DATA TO PROCESS |
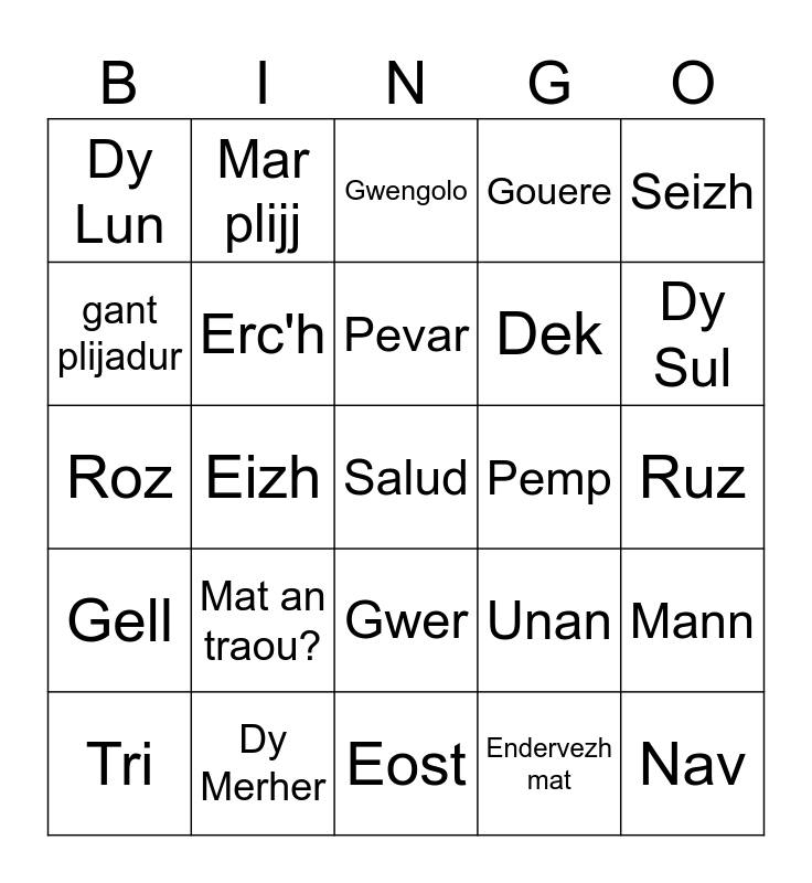 This bingo card has 53 words: Free!, Salud, Demat, Endervezh mat, Mat an traou?, _______ eo ma anv., Mar plijj, Trugarez, gant plijadur, Kenavo, Erc'h, Aval, Mann, Unan, Daou, Tri, Pevar, Pemp, C'hwec'h, Seizh, Eizh, Nav, Dek, Dy Lun, Dy Meurth, Dy Merher, Dy Yow, Dy Gwener, Dy Sadorn, Dy Sul, Genver, C'hwevrer, Meurzh, Ebrel, Mae, Mezheren, Gouere, Eost, Gwengolo, Here, Du, Kerzu, Ruz, Oranjez, Melen, Gwer, Glas, Mouk, Roz, Gell, Gwenn, Louet and Du.
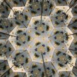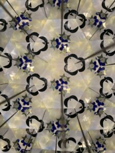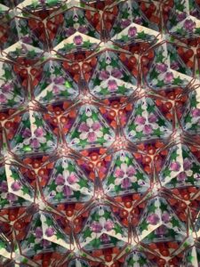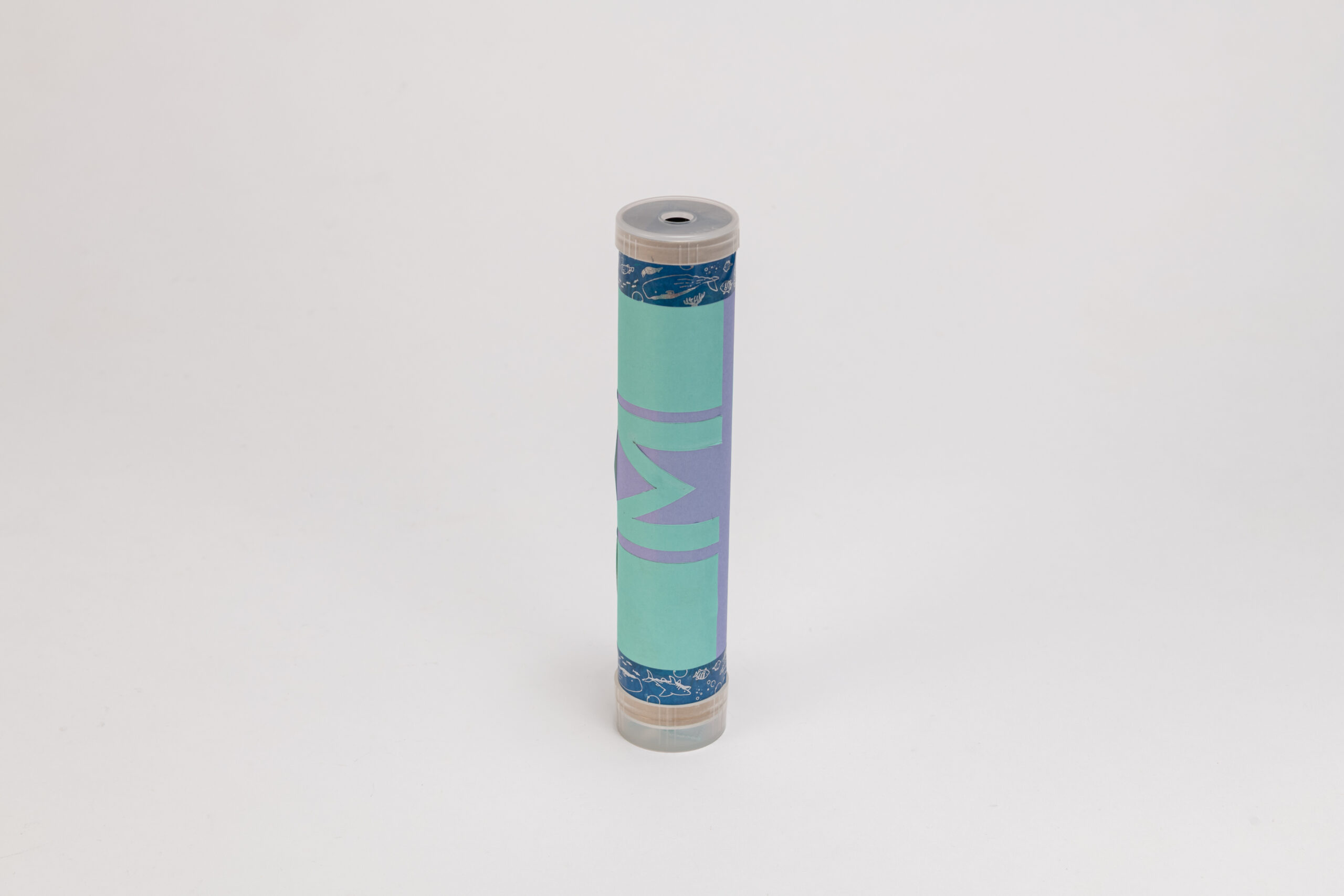 作品名「M」を中学生部門の佳作としました。この作品は、万華鏡の両端にウミガメやサメやクジラや種々の魚たちのいる深い海を連想させる紺色の紙が配置されています。中心部分には、薄紫色を背景に貼り、空色の紙を「M」という文字を切り、前後で透けて見えるようにされています。どこかモダンな感じのする万華鏡といえるでしょう。タイトルのMという文字が、表現されているのですが、Mという文字は何に由来されているのでしょうか。なんだろうとワクワクと想像しながら味わう万華鏡です。モダンな感じという言葉の起源となった、すっきりした線や面の構成で著名な建築デザインのバウハウスデザインを連想する方もおられるかもしれません。
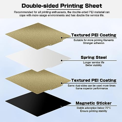 Provate la piattaforma di stampa PEI su due lati! Avrete a disposizione un unico foglio di PEI a doppia texture con un'adattabilità e un'adesione ottimali. Il foglio di acciaio elastico assicura una facile rimozione e una lunga durata, completando perfettamente l'adesivo magnetico flessibile per mantenere le stampe stabili durante il processo di stampa.
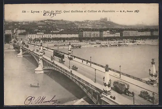 AK Lyon, Pont du Midi, Quai Gailleton et Colline de Fourvière, Strassenbahn
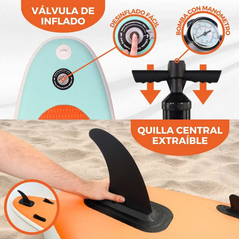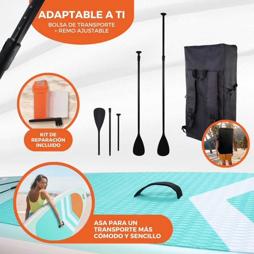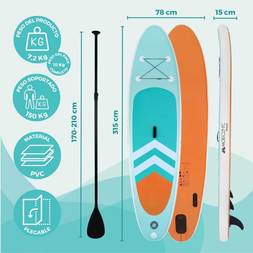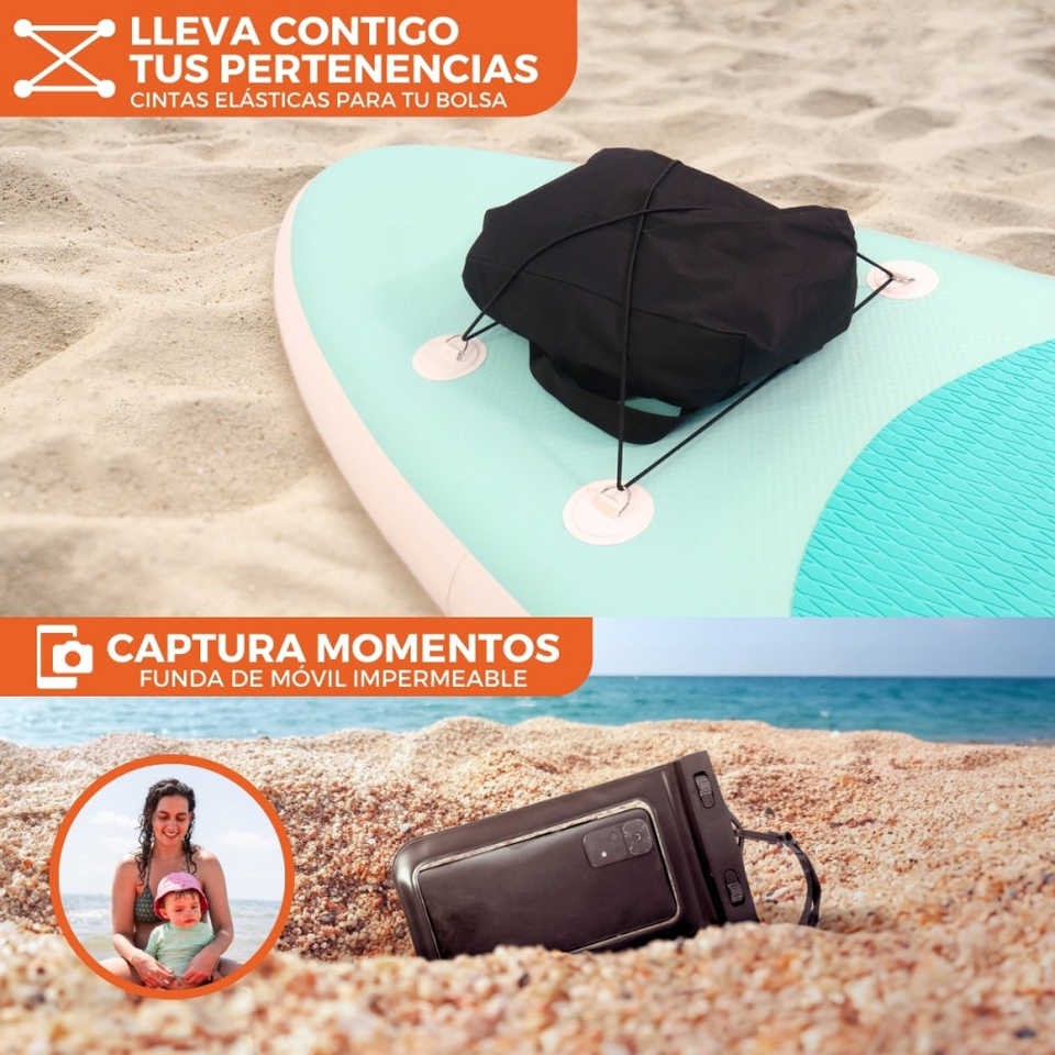 บอร์ดไม้พายเป่าลม PVC 150กก. ปรับได้315x78x15ซม. ยืนพร้อมสายจูงเพื่อความปลอดภัยกระเป๋าเป้สะพายหลัง
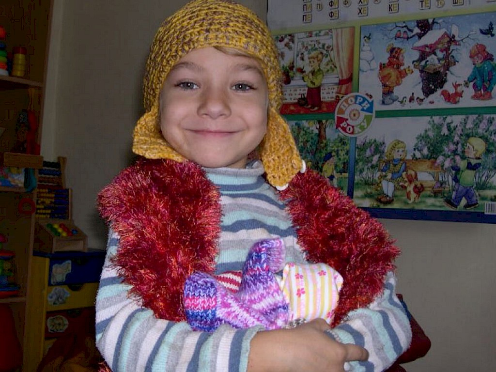 Heute ist ein unbeschreibliches Fest. Wir verteilen warme Mützen, Schals, Handschuhe und Socken, die uns Freunde aus Deutschland geschenkt haben, die der letzte Hilfsgütertransport zu uns nach Swetlowodsk gebracht hat.
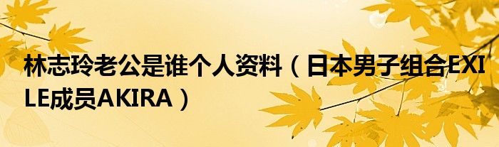 大家好,綜合小編來為大家講解下。林志玲老公是誰個人資料,日本男子組合EXILE成員AKIRA很多人還不知道,現(xiàn)在讓我們一起來看看吧!
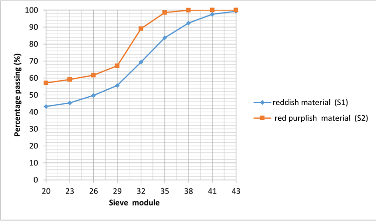 Table 3 shows that WL and Wp of the reddish material (S1) are respectively 60.60% and 43.77%. Its plasticity index is 16.83%. The liquidity and consistency indices are respectively -1.17 and 2.17%. These values show that the material S1 is a plastic soil found in the solid or semi-solid state, having a very soft consistency. Concerning the red purplish (S2), WL, Wp, Ip, IL, and Ic are 63.1%, 56.07%, 7.03%, -4.38 and 5.38%, respectively. These values show that the material S2 is a little plastic soil found in the solid or semi-solid state and having a very soft consistency.

WHAT YOU ARE ASKED TO DO |
For this answer, return word for word the lines from the first line of the records through the line containing "Provate la piattaforma". Omit the pictures.

EXPECTED ANSWER |
 This bingo card has 53 words: Free!, Salud, Demat, Endervezh mat, Mat an traou?, _______ eo ma anv., Mar plijj, Trugarez, gant plijadur, Kenavo, Erc'h, Aval, Mann, Unan, Daou, Tri, Pevar, Pemp, C'hwec'h, Seizh, Eizh, Nav, Dek, Dy Lun, Dy Meurth, Dy Merher, Dy Yow, Dy Gwener, Dy Sadorn, Dy Sul, Genver, C'hwevrer, Meurzh, Ebrel, Mae, Mezheren, Gouere, Eost, Gwengolo, Here, Du, Kerzu, Ruz, Oranjez, Melen, Gwer, Glas, Mouk, Roz, Gell, Gwenn, Louet and Du.
 作品名「M」を中学生部門の佳作としました。この作品は、万華鏡の両端にウミガメやサメやクジラや種々の魚たちのいる深い海を連想させる紺色の紙が配置されています。中心部分には、薄紫色を背景に貼り、空色の紙を「M」という文字を切り、前後で透けて見えるようにされています。どこかモダンな感じのする万華鏡といえるでしょう。タイトルのMという文字が、表現されているのですが、Mという文字は何に由来されているのでしょうか。なんだろうとワクワクと想像しながら味わう万華鏡です。モダンな感じという言葉の起源となった、すっきりした線や面の構成で著名な建築デザインのバウハウスデザインを連想する方もおられるかもしれません。
 Provate la piattaforma di stampa PEI su due lati! Avrete a disposizione un unico foglio di PEI a doppia texture con un'adattabilità e un'adesione ottimali. Il foglio di acciaio elastico assicura una facile rimozione e una lunga durata, completando perfettamente l'adesivo magnetico flessibile per mantenere le stampe stabili durante il processo di stampa.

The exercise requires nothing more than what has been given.